Question

Find the distance between the point $(2,3,-1)$ and foot or perpendicular drawn from $(3,1,-1)$ to the plane $x-y+3z=10$

Answer 1

Equation of plane-

$x-y+3z=10$

Direction ratio's of plane are- $1,-1,3$

Let the foot of perpendicular $L$ drawn from $P(3,1,-1)$ to the plane $x-y+z=10$ be $(x_1,y_1,z_1)$.

Therefore, the direction ratio's of $PL$ are-

$(x_1-3),(y_1-1)$ and $(z_1+1)$

Since perpendicular to plane is parallel to normal vector.

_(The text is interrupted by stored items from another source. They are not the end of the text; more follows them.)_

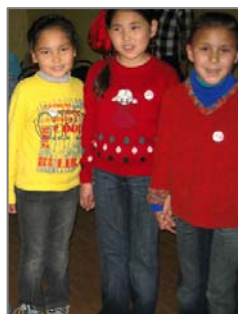
Дети из Астраханского детского дома носят значки SCA, поддерживая его миссию.

Мы также будем направлять наши усилия по поиску финансирования и ресурсы программы малых грантов на присоединенные проекты.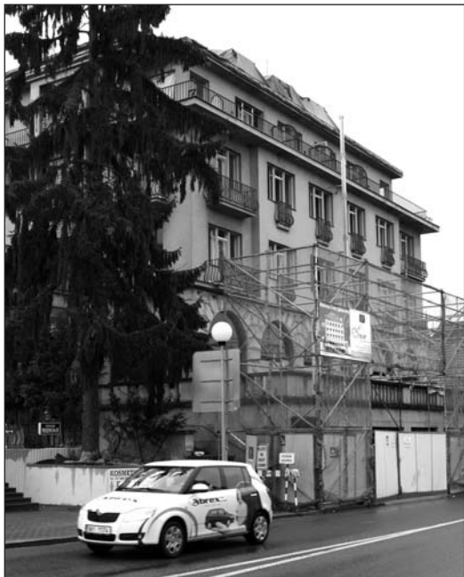
Alexandria I těchto dnů – horké staveniště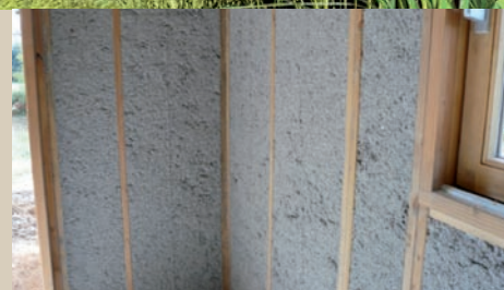
Ouate de cellulose

Avec sa façade alliant bardage bois traité et de grande qualité et brique blanche, la résidence le Cabrifuelh révèle tout son caractère contemporain. Ses lignes épurées, son isolation optimale grâce à la ouate de cellulose ainsi que son architecture dynamique jouant sur les matériaux et les volumes, lui confèrent une dimension chaleureuse, tout en participant à son intégration dans le paysage urbain.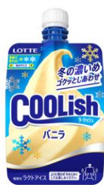
クーリッシュ バニラ<冬季限定> ※2023年冬季販売商品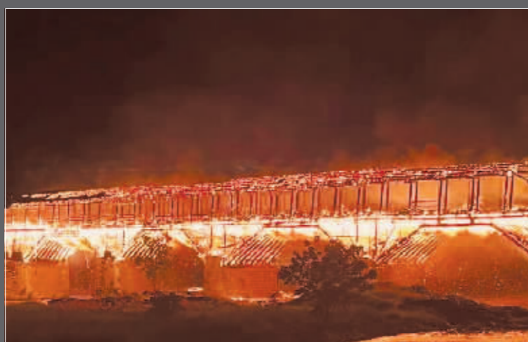
图为起火的万安桥和被烧毁的桥体。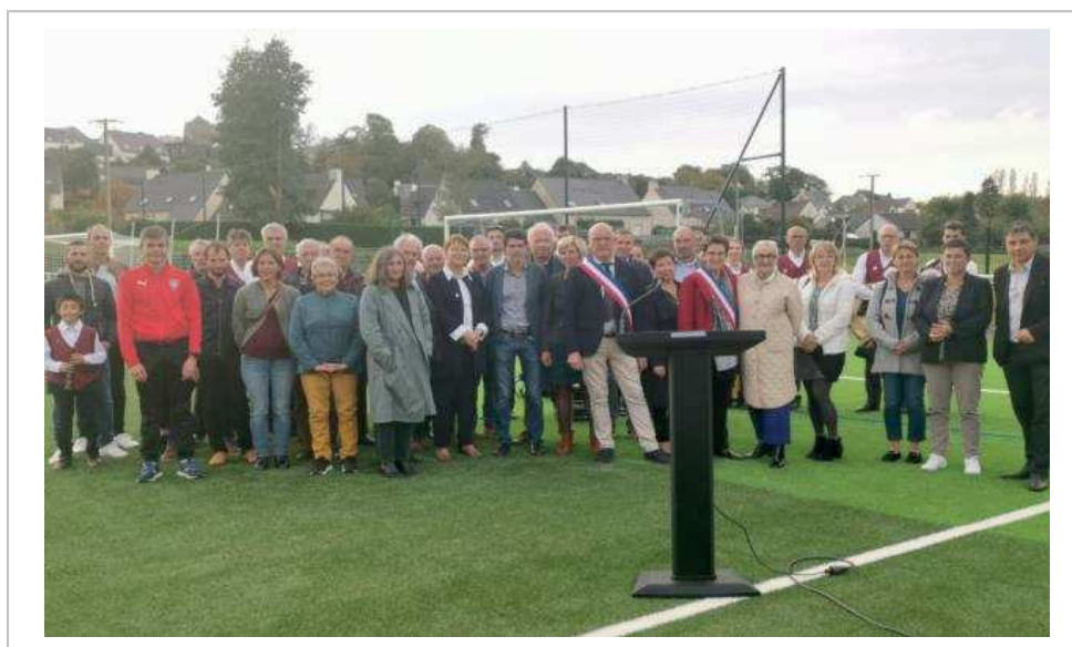
À la fin du match des U17 régional 2 La Vaunoise contre Pacé, samedi, les élus accompagnés du Bagad Men Ru de Montfort ont inauguré le terrain de football synthétique.

« Un tel investissement à Talensac permet aux différents clubs du territoire d'allonger leurs temps de jeux et de promouvoir la pratique du football. Car il est bien entendu que cet équipement aura un rayonnement communautaire. Il représente aussi un outil social d'égalité des chances. ».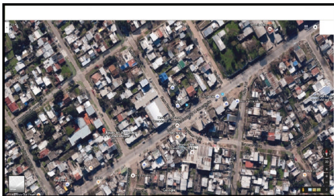
Imagen 9: Mapa satelital del barrio donde está ubicado el Hogar Nuestra Señora de Guadalupe.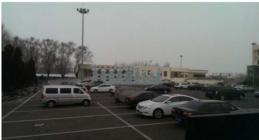
圖 4：已下哈爾濱機場就看到漂亮的冰雕。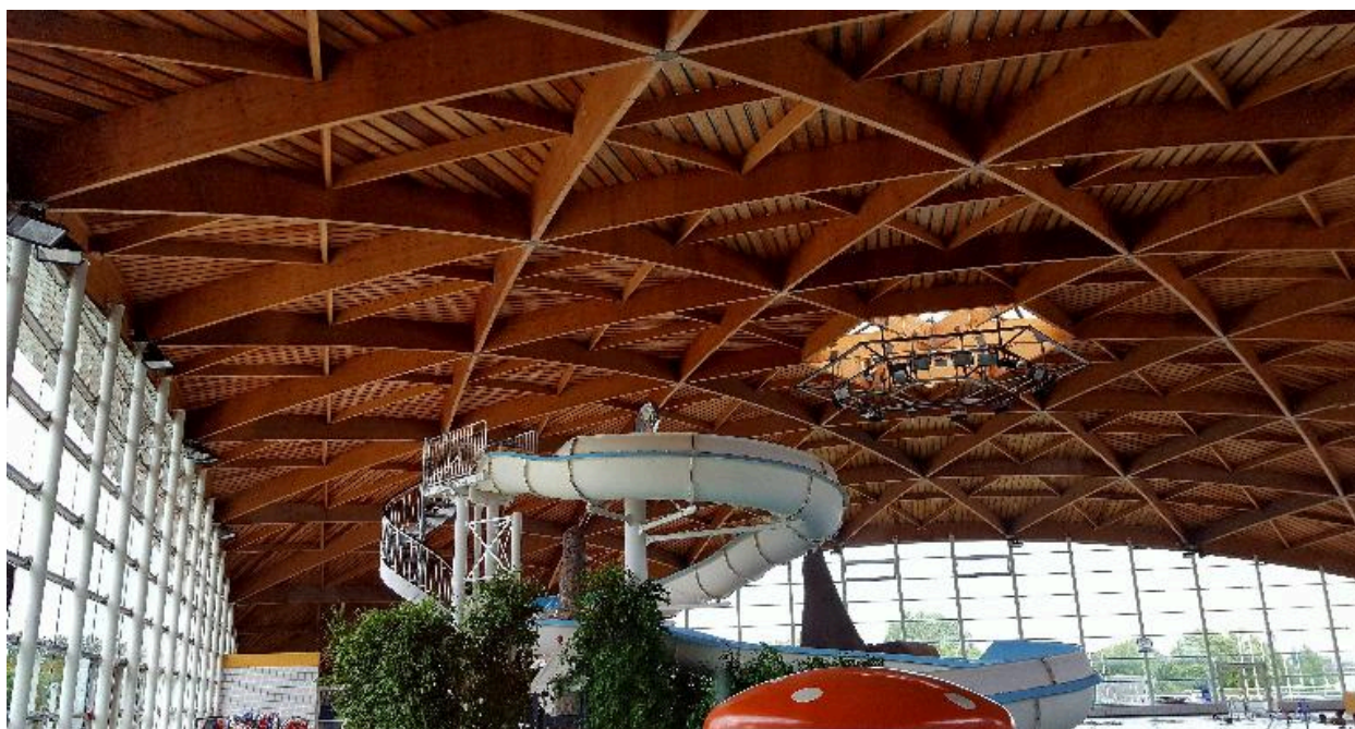
Vue de la voûte en bois lamellé collé.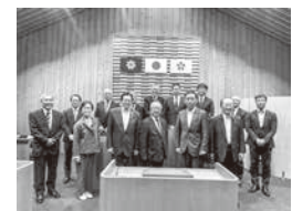
津別町議会の皆さんと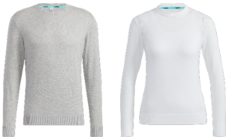
長袖クルーネックセーター(メンズ・ウィメンズ)

軽量の薄手コットンブレンドのセーター。ミニマムなデザインの中に、左袖の大きなジャガード編みのアディダスロゴがアクセントとなっています。

Direction ratio of plane and $\overrightarrow{PL}$ are proportional.

Therefore,

$\frac{x_1-3}{1}=\frac{y_1-1}{-1}=\frac{z_1+1}{3}=k\left(\text{Let}\right)$

$x_1=k+3$

$y_1=1-k$

$z_1=3k$

Since the point $L$ lie on the plane.

Thus,

$(k+3)-(1-k)+3(3k-1)=10$

$k+3-1+k+9k-3=10$

$11k=10+1$

$\Rightarrow k=\frac{11}{11}=1$

Thus,

$x_1=k+3=1+3=4$

$y_1=1-k=1-1=0$

$z_1=3k-1=3\left(1\right)-1=2$

Now, distance between the point $(2,3,-1)$ and foot of perpendicular $(4,0,2)$ is-

$d=\sqrt{{(4-2)}^2+{(0-3)}^2+{(2-(-1))}^2}$

$\Rightarrow d=\sqrt{4+9+9}=\sqrt{22}$

Hence the distance between the point $(2,3,-1)$ and foot of perpendicular $(4,0,2)$ is $\sqrt{22}$ units.